Plus de 17 localités maliennes électrifiées

Le Mali Folkecenter a électrifié plusieurs villages maliens, raconte avec fierté le Dr. Ibrahim Togola. En quinze ans, le travail de l'organisation avec l'agence gouvernementale a permis d'amener le taux d'électrification à 18%.

"Nous électrifions ces communautés et immédiatement la dynamique change. Les gens reviennent et créent des emplois et ça permet aux jeunes de ne pas être rattrapés par des circuits d'immigration ou d'extrémistes."

Les besoins locaux sont immédiatement satisfaits par ces solutions locales qui valorisent également les populations. "Les techniciens voient qu'ils rendent un service à leur communauté, cela allège l'État donc c'est plus durable."

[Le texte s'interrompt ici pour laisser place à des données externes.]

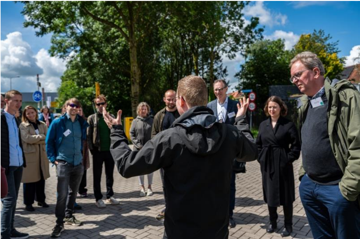
Werksessie financiële instrumenten voor klimaatadaptieve bedrijventerreinen op Lage Weide, Utrecht.

In juni 2024 organiseerde het cluster Bedrijven samen met stichting Adaptatie Atelier en het Werklandschappen van de Toekomst groeifonds programma een werksessie met banken, verzekeraars, parkmanagers en gemeenten. De verschillende publiek-private financiële instrumenten zijn besproken en beoordeeld op bruikbaarheid en schaalbaarheid, en bij elkaar gebracht in een overzicht .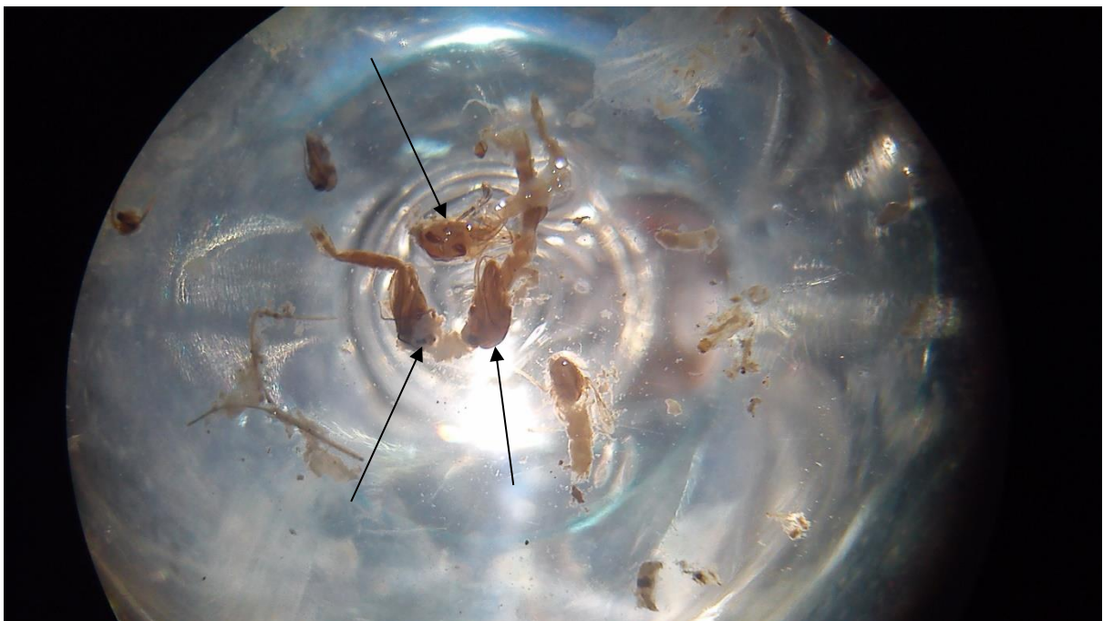
Slika 9. Mikroskopirane kukuljice kukaca iz reda Diptera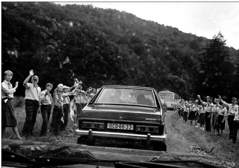
29. Slavnost, špalír pionýrů a svazáků, 80. léta.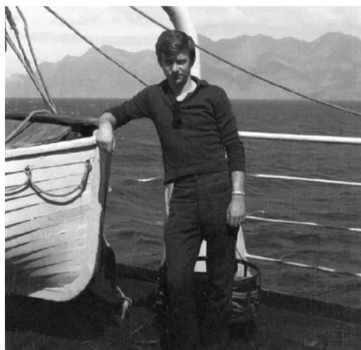
Практика в мореходке. 60-е годы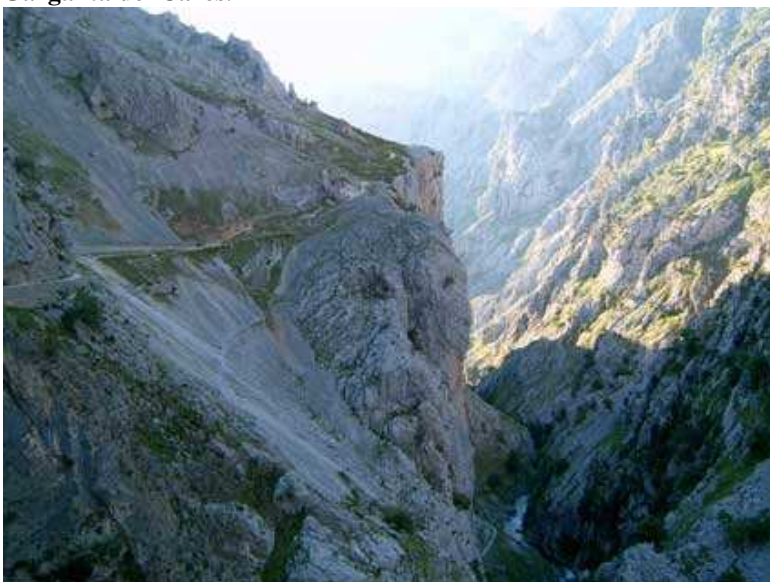
Garganta del Cares.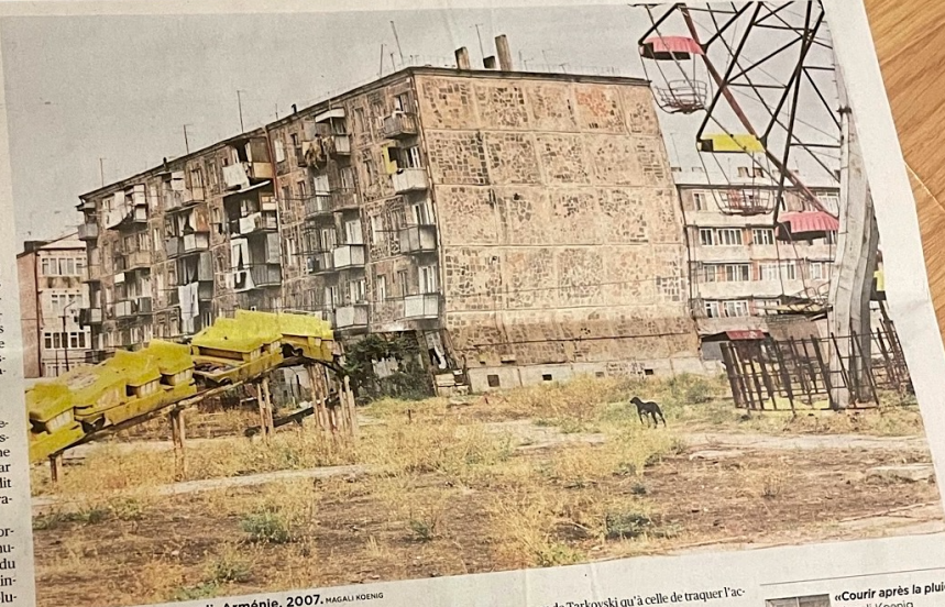
«Un chien noir», Alaverdi, Arménie, 2007. MAGALI KOENIG

Cette suspension de ce que l'on pourrait qualifier de miroir anthropologique confère une grande liberté au regard, à l'interprétation, à la projection dans les univers qu'elle délivre. La photographe voyageuse, qui n'imagine pas prendre une image de quelqu'un sans lui demander la permission, concède qu'en matière de gens, «il y en a juste assez».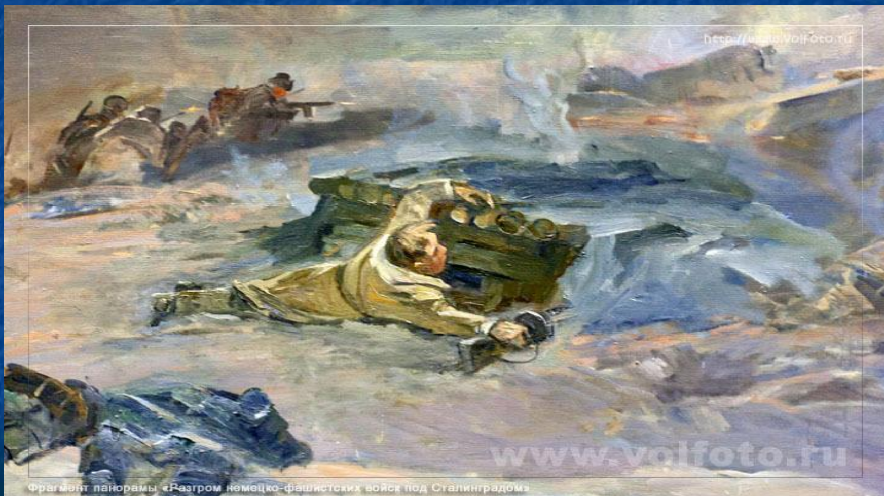
фрагмент панорамы «Разгром немецко-фашистских войск под Сталинградом»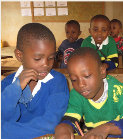
Tansania: Beim anschaulichen Unterricht sind die Schüler aktiv in den Lernprozess einbezogen

Angewandte Forschung zur Behandlung und Linderung vernachlässigter Krankheiten. Wirkung | Unsere Partnerorganisationen legen Rechenschaft über die Verwendung der zugesprochenen Mittel ab und berichten über die Wirkung der Projektintervention. Die Medicor Foundation fördert pro Jahr gut 80 Projekte. Diese werden von unseren Projektverantwortlichen in ihrer Umsetzung begleitet und auf Erreichung der vereinbarten Ziele eingeschätzt. Durch Besuche vor Ort lassen wir uns zusätzlich von der Qualität und Wirksamkeit der unterstützten Projekte überzeugen.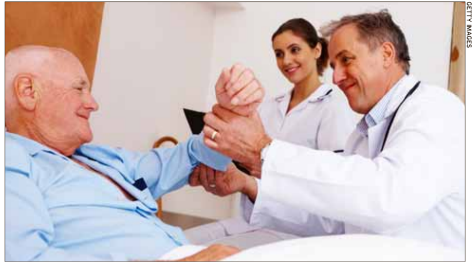
La buena atención al paciente en la asistencia sanitaria resulta fundamental.

Aunque el foco de la campaña son los profesionales sanitarios (entre los que no sólo se incluyen médicos, sino todas las personas que integran el ámbito sanitario), también pretende sensibilizar a organizaciones y a pacientes. Fernández indica las ventajas de que el núcleo organizativo sea multidisciplinar: "Son visiones distintas que se unen para hablar del mismo tema, y eso es alucinante, la verdad".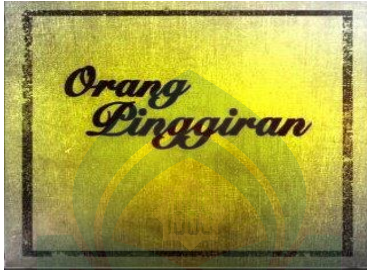
Gambar 1.1 : Logo Program Orang Pinggiran 2010-2013

Des solutions plus durables, la planète en a bien besoin. Notamment pour la gestion des déchets énergétiques. Car l'augmentation de la demande en énergie entraîne aussi une hausse des déchets. Une solution, le recyclage. 

"Les experts en sont conscients", affirme le Dr. Ibrahim Togola qui souhaite voir l'Afrique parler au même niveau que les pays occidentaux dans le domaine énergétique, "avec ses experts et ses solutions".

"Il y a 30 ans, 90% des panneaux solaires étaient construits en Europe, aujourd'hui c'est en Chine", rappelle-t-il.

"Je suis engagé avec d'autres partenaires à créer l'Institut africain des énergies renouvelables, des énergies et du climat". L'objectif est de "créer des compétences africaines".